Physical Description
General Physical Condition
Doctor Maggis has the body type of a sack of potatoes. They're a little pudgy around the edges thanks to a diet made up of mostly garbage (the most literall form of Junk Food), and thanks to their reckless abandon in attempting their mildly dangerous Evil Schemes and regularly getting their ass whupped in response (both by goodguys keeping them at bay and also just the universe in general), they're in pretty bad shape. Luckily, thanks to cartoon physics and an unhealthy dose of patented regular-villain tenacity, the chronic pain doesn't bother them too much (they're used to it).
Body Features
Dr. Maggis is green and covered in sparse hairs (normal for goblins) and a thin coat of slime (NOT normal). Nevertheless, Maggis Thrives in their own ooze and it's become their own personal immune defense shield. If this slime layer is broken (say, by taking a normal bath like everyone else), Maggis ironically becomes mildly ill from having their germy defenses broken and susceptible to other germs coming in (or, more often, their own germs fittingly turning against them).

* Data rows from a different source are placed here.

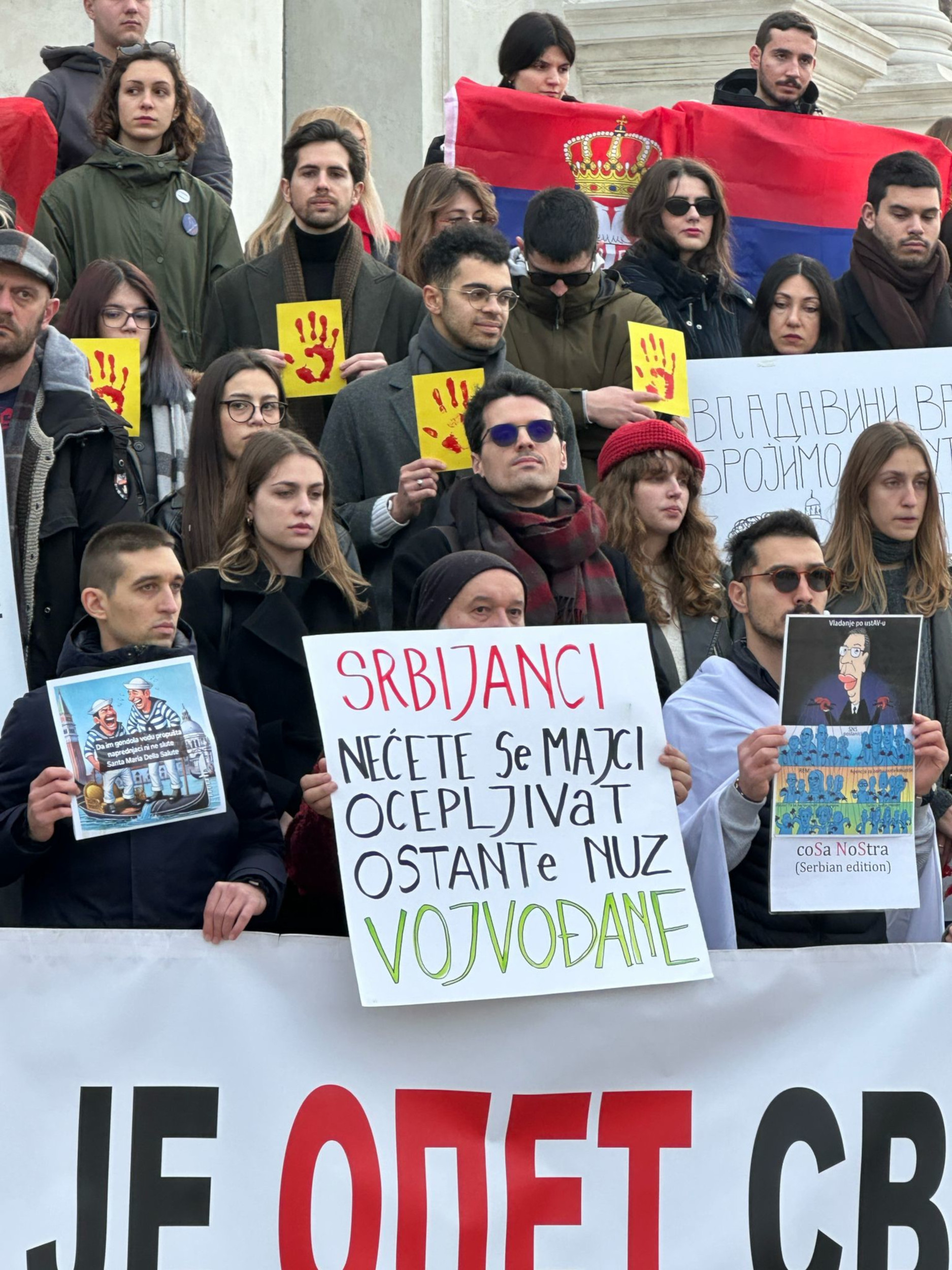 “Ma oggi non pariamo solo di idee”, ha proseguito Srdan, “ma di realtà: dell’ingiustizia che ci ha colpito, delle persone morte nella tragedia di Novi Sad (…) che ci ha dimostrato quanto le vite delle persone siano diventate insignificanti agli occhi di chi dovrebbe tutelarle. Questo dolore deve farci stare uno accanto all’altro, per alzare la voce, perché queste persone non vengano dimenticate, è nostro dovere agire.”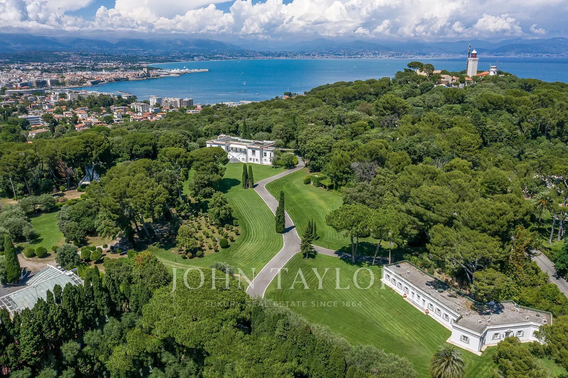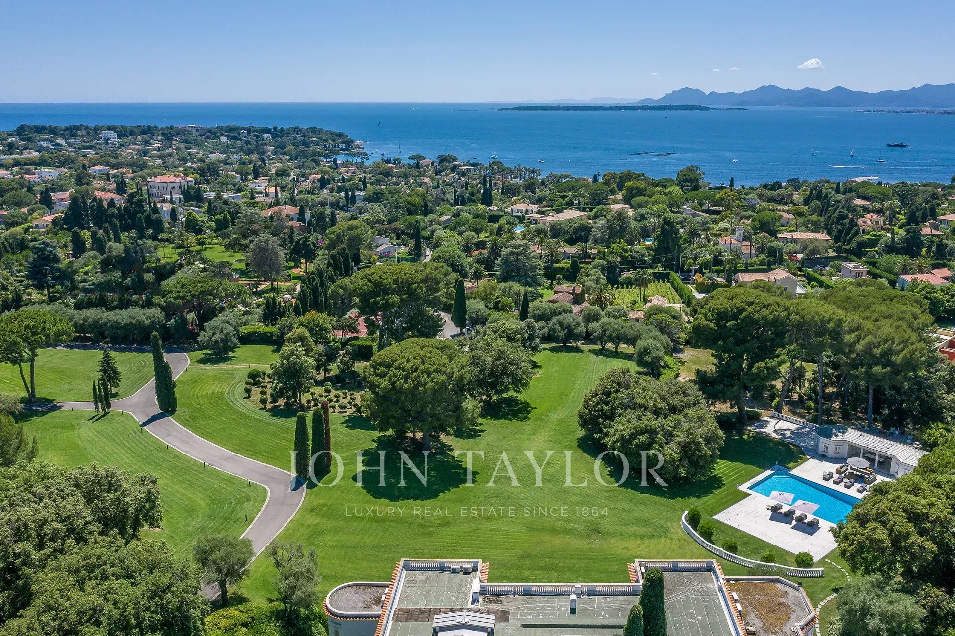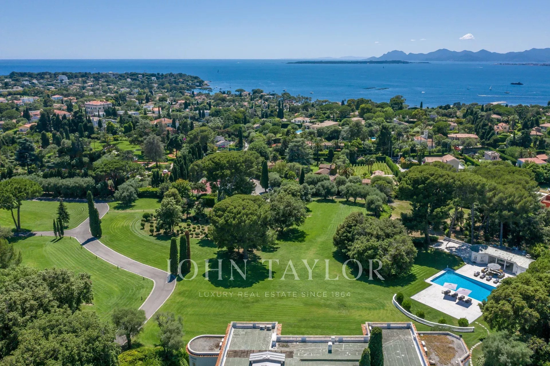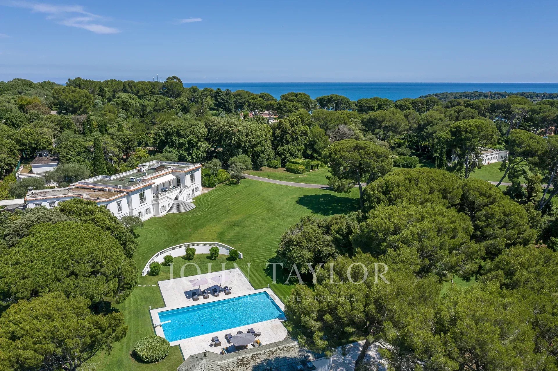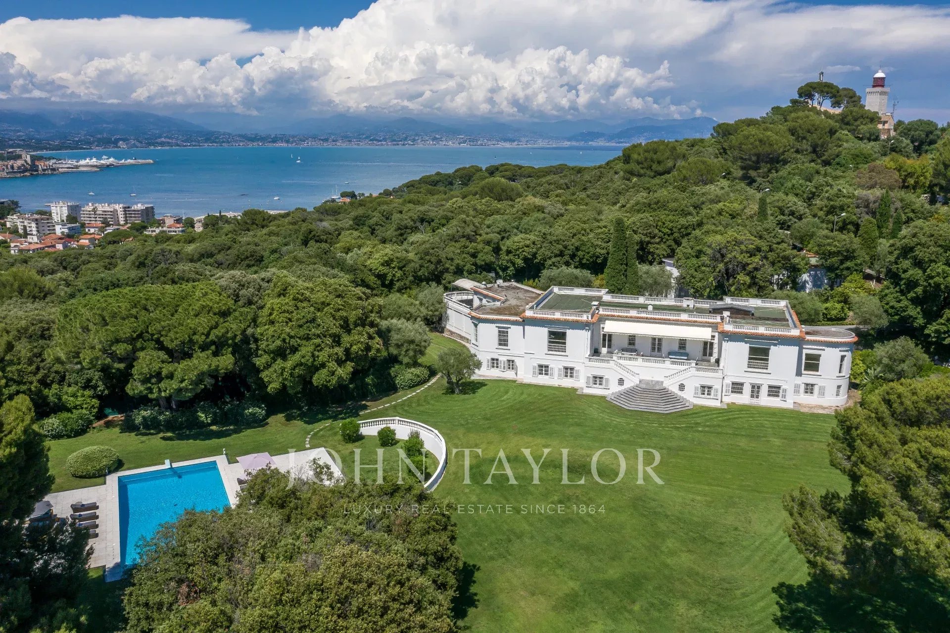 Dieses außergewöhnliche Anwesen ist ein hervorragendes Beispiel für die Architektur der 20er Jahre und liegt auf dem höchsten Punkt von Cap d'Antibes inmitten eines 4,5 Hektar großen Parks, der fast vollständig mit englischem Rasen bedeckt ist.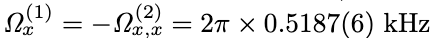 通过精确控制控制激光的频率和强度(80 mW/cm²),实验中测得的拉比频率为: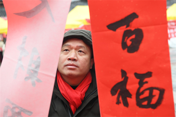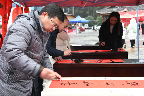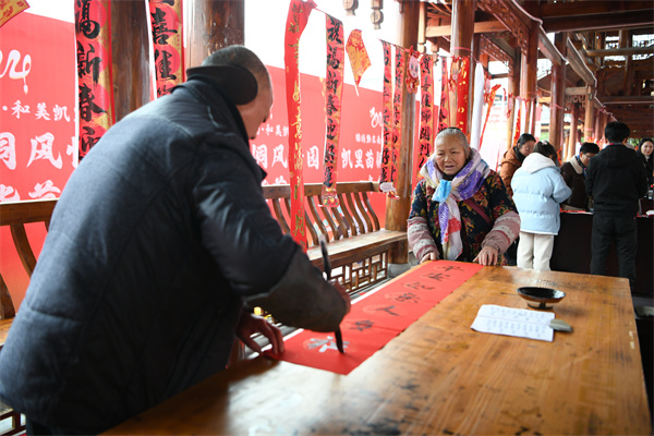 2月2日,贵州省凯里市2024年送春联、拍全家福活动走进凯里苗侗风情园,书法家在义务给市民书写春联。(杨仁海 摄)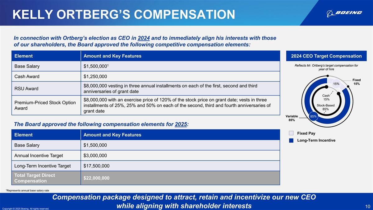 2024 OUTCOMES ALIGNED WITH PERFORMANCE Annual Incentive Long-Term Incentive 2022-2024 Long-Term Incentive Program Outcomes 2024 Annual Incentive Scores 50% 50% Premium-Priced Stock Options Restricted Stock Units Commercial Airplanes 0% Defense, Space & Security 0% $261 $0 $344 $217 $186 Exercise price Exercisable Stock price to Grant price Vesting date Global Services 56% (120% of stock value on reach for PPSOs price price on date vesting date to deliver target (2/18/2025) Enterprise of grant) (2/16/2025) value 19% (average of the three business units) Mr. Calhoun’s annual incentive payout for 2024 $0 of LTI target value realized upon vesting 43% Assumes zero exercisable value for vested underwater PPSOs Average NEO payout was 14% of target Note: Mr. Ortberg, who joined the Company in August 2024 did not participate in our 2024 annual incentive plan or long-term incentive program. Slide reflects outcomes for all other NEOs Payouts tied directly to performance 9 Copyright © 2025 Boeing. All rights reserved.

They also have a massive scar on their chest from Recreational Heart Surgery(s).
Facial Features
Nobody knows cause of that dang mask! You can still see their mysteriously floating eyebrows, though.
Identifying Characteristics
Literally everything about them sticks out like a sore thumb in a crowd (hypothetically, anyways; Maggis and Crowds don't exactly coexist.)
Physical quirks
Maggis slouches a lot, which really doesn't help their physical condition. When they're not skulking and scurrying though (their preferred mode of transportation), their gait is cartoonishly animated and confident.
Special abilities
Doctor Maggis, as a Cartoon Villain, possesses an exceptional amount of resiliency, able to be squashed, stretched, slammed, stepped on, thrown, punted, twisted into a pretzel, set on fire, and poked with extreme malice, and easily recover during the next scene transition (actually, that last one might be too much for them to handle). As a goblin, they are fairly adept at digging, although the gloves make it hard.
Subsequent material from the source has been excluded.